Task directions -
Please copy the data below exactly, from its first line through the line holding "通讯员 邓婷 摄影报道", and skip the pictures.

Data excerpt -
◇ ◇ ◇ ◇ ◇
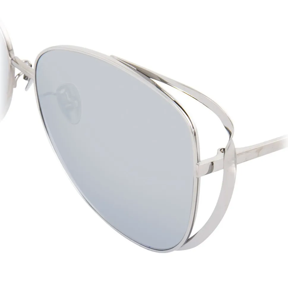 Championing the hallmarks of luxury and glamour, these cat eye ‘Rosarda’ sunglasses from Linda Farrow will instantly elevate your look. Crafted entirely from 18 – 22 carat white gold-plated titanium, these special sunglasses feature platinum precious lenses with a delicate twisted ribbon which creates a hyper feminine silhouette, mirroring the frames and showcasing superior craftsmanship.
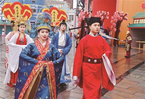4月2日,长沙世界之窗,演员在进行汉服文化巡游展示。当天,“四月汉服季——梦回千年汉服文化盛宴”举行。百人华服大秀、蹴鞠大战、花船巡游、投壶射箭、天外飞仙高空表演等,不仅重现了古人春游盛景,也让游客感受到了华夏民族的汉服魅力。湖南日报·新湖南客户端记者 徐行 通讯员 邓婷 摄影报道
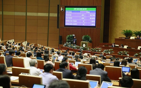 Tiếp đó, Quốc hội tiến hành biểu quyết bằng hệ thống điện tử. Kết quả biểu quyết có 435/453 đại biểu Quốc hội biểu quyết tán thành. Như vậy Quốc hội đã chính thức thông qua Bộ luật Lao động (sửa đổi) gồm 17 Chương và 220 Điều. Theo đó, Bộ luật mới được thông qua sẽ có hiệu lực thi hành từ ngày 1-1-2021, thay thế cho Bộ luật Lao động số 10/2012/QH13 hiện hành (hết hiệu lực).
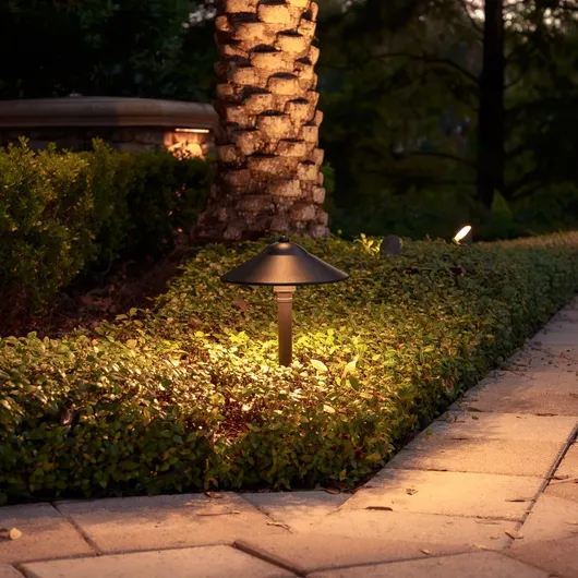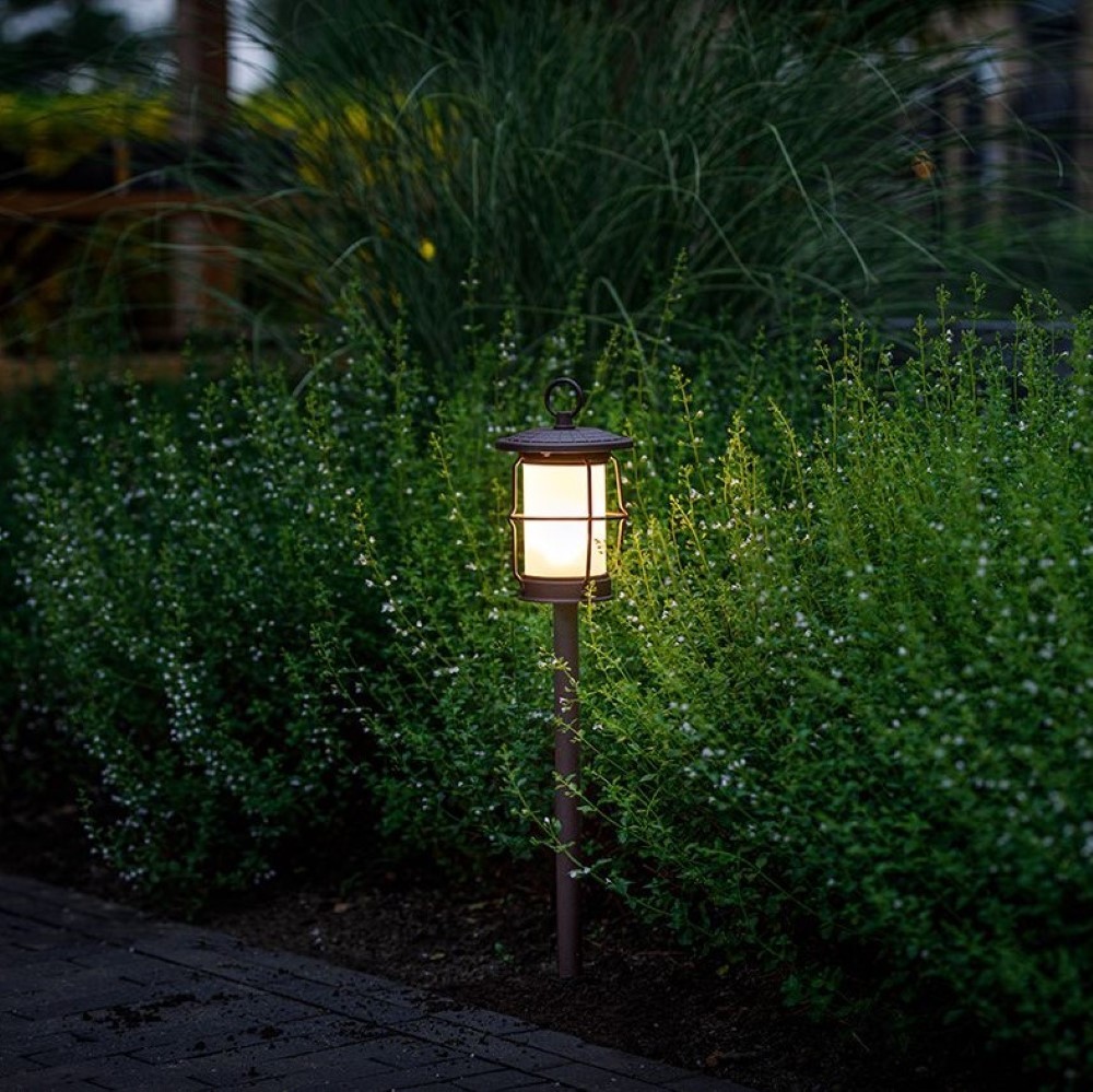 This durable brass fixture spreads warm light evenly over walkways, gardens, and driveways. It’s a favorite among residential contractors.
◇ ◇ ◇ ◇ ◇
Task solution -
 Championing the hallmarks of luxury and glamour, these cat eye ‘Rosarda’ sunglasses from Linda Farrow will instantly elevate your look. Crafted entirely from 18 – 22 carat white gold-plated titanium, these special sunglasses feature platinum precious lenses with a delicate twisted ribbon which creates a hyper feminine silhouette, mirroring the frames and showcasing superior craftsmanship.
4月2日,长沙世界之窗,演员在进行汉服文化巡游展示。当天,“四月汉服季——梦回千年汉服文化盛宴”举行。百人华服大秀、蹴鞠大战、花船巡游、投壶射箭、天外飞仙高空表演等,不仅重现了古人春游盛景,也让游客感受到了华夏民族的汉服魅力。湖南日报·新湖南客户端记者 徐行 通讯员 邓婷 摄影报道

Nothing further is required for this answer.